RAW DATA -
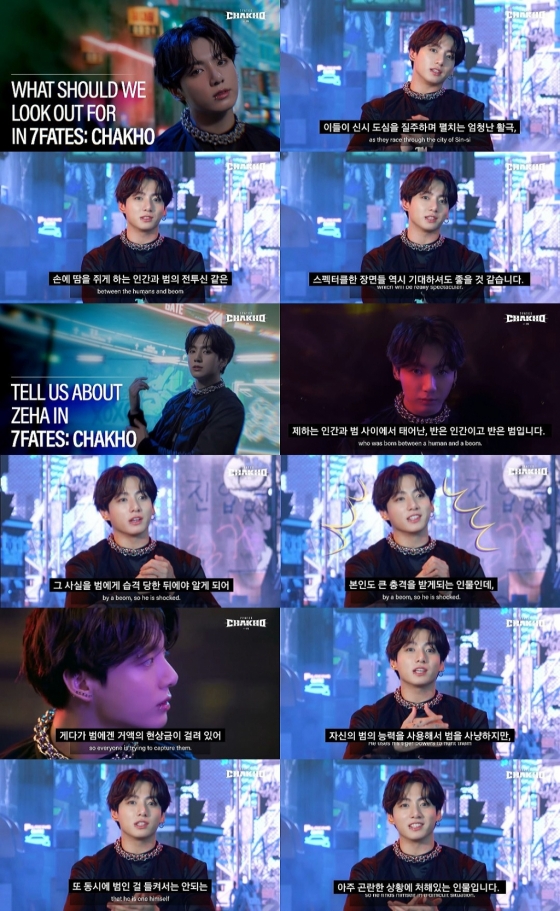 지난 11일 7FATES: CHAKHO by HYBE 공식 SNS, 유튜브 채널에서는 방탄소년단 멤버들을 모티브로 한 웹툰·웹소설 '세븐 페이츠: 착호'에 대해 이야기하는 멤버 정국의 영상을 새롭게 공개했다.
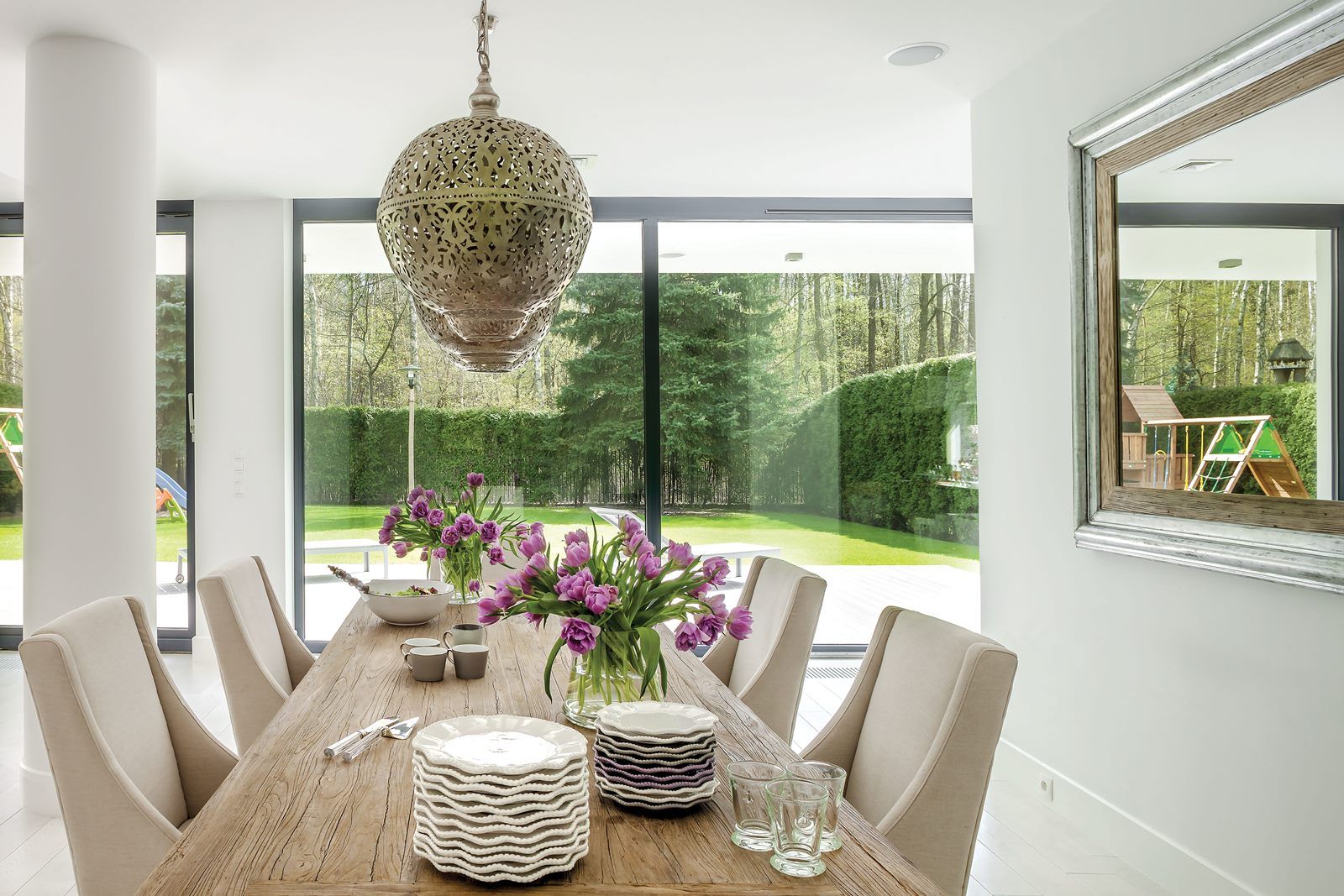 Urządzaniem wnętrz zajęli się sami. Pojechali do Paryża na targi Maison & Objet, żeby podpatrzeć najnowsze trendy, i wszystko stało się jasne. Dosłownie. Ania zrozumiała, że na podłodze położy białe deski, że kanapy będą w naturalnych lnach, a stół ze starego, wyszczotkowanego drewna dębowego. Od razu zresztą meble zamówili. Stół przyjechał z Hiszpanii, krzesła i sofy z Holandii, podobnie jak efektowne srebrne żyrandole nad blatem. To dzieło firmy Zenza, która ma marokańskie korzenie, a jej właściciele zatrudniają afrykańskich rękodzielników. Projekty powstają jednak w Holandii, dlatego lampy są jednocześnie i tradycyjne, i nowoczesne. – Mamy oczywiście oświetlenie halogenowe, ale rzadko go używamy. Gra świateł i cieni, jaką dają te lampy, tańczące arabeski na ścianach, są wręcz magiczne.
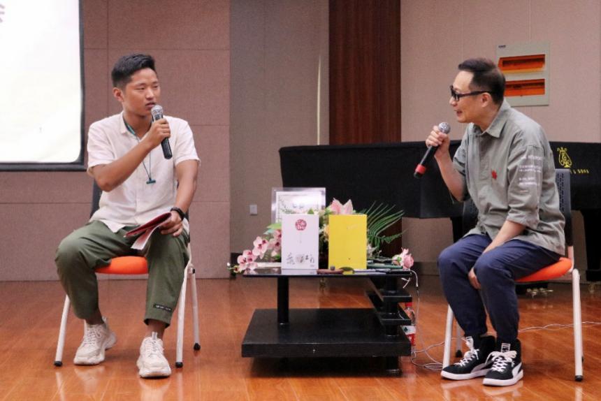随后,进入音乐作品导赏会的正式环节。山奇老师详细地地向大家介绍了《芳·华》的创造历程,他谈到,在对越自卫反击战时期,战士们在战争中的艰苦经历与坚定意志带给他很大的触动,那段时期的战争故事和事件回忆,让他有了强烈的整理和创作动力,也给了他源源不断的创作灵感。于是他通过相关通讯报道、战士的日记、家书等方式收集材料,汇编成12首诗,即为《芳·华》。
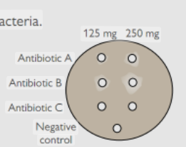 A microbiologist is researching the viability of three new antibiotics in treating E. coli infections. The diagram on the right shows a Petri dish prepared with E. coli. It has been incubated with paper discs soaked in different concentrations of each antibiotic for 48 hours.

PROMPT - Write out exactly the lines above, from the very first through the line containing "Urządzaniem wnętrz zajęli", both kept, with the pictures removed.

EXERCISE SOLUTION -
 지난 11일 7FATES: CHAKHO by HYBE 공식 SNS, 유튜브 채널에서는 방탄소년단 멤버들을 모티브로 한 웹툰·웹소설 '세븐 페이츠: 착호'에 대해 이야기하는 멤버 정국의 영상을 새롭게 공개했다.
 Urządzaniem wnętrz zajęli się sami. Pojechali do Paryża na targi Maison & Objet, żeby podpatrzeć najnowsze trendy, i wszystko stało się jasne. Dosłownie. Ania zrozumiała, że na podłodze położy białe deski, że kanapy będą w naturalnych lnach, a stół ze starego, wyszczotkowanego drewna dębowego. Od razu zresztą meble zamówili. Stół przyjechał z Hiszpanii, krzesła i sofy z Holandii, podobnie jak efektowne srebrne żyrandole nad blatem. To dzieło firmy Zenza, która ma marokańskie korzenie, a jej właściciele zatrudniają afrykańskich rękodzielników. Projekty powstają jednak w Holandii, dlatego lampy są jednocześnie i tradycyjne, i nowoczesne. – Mamy oczywiście oświetlenie halogenowe, ale rzadko go używamy. Gra świateł i cieni, jaką dają te lampy, tańczące arabeski na ścianach, są wręcz magiczne.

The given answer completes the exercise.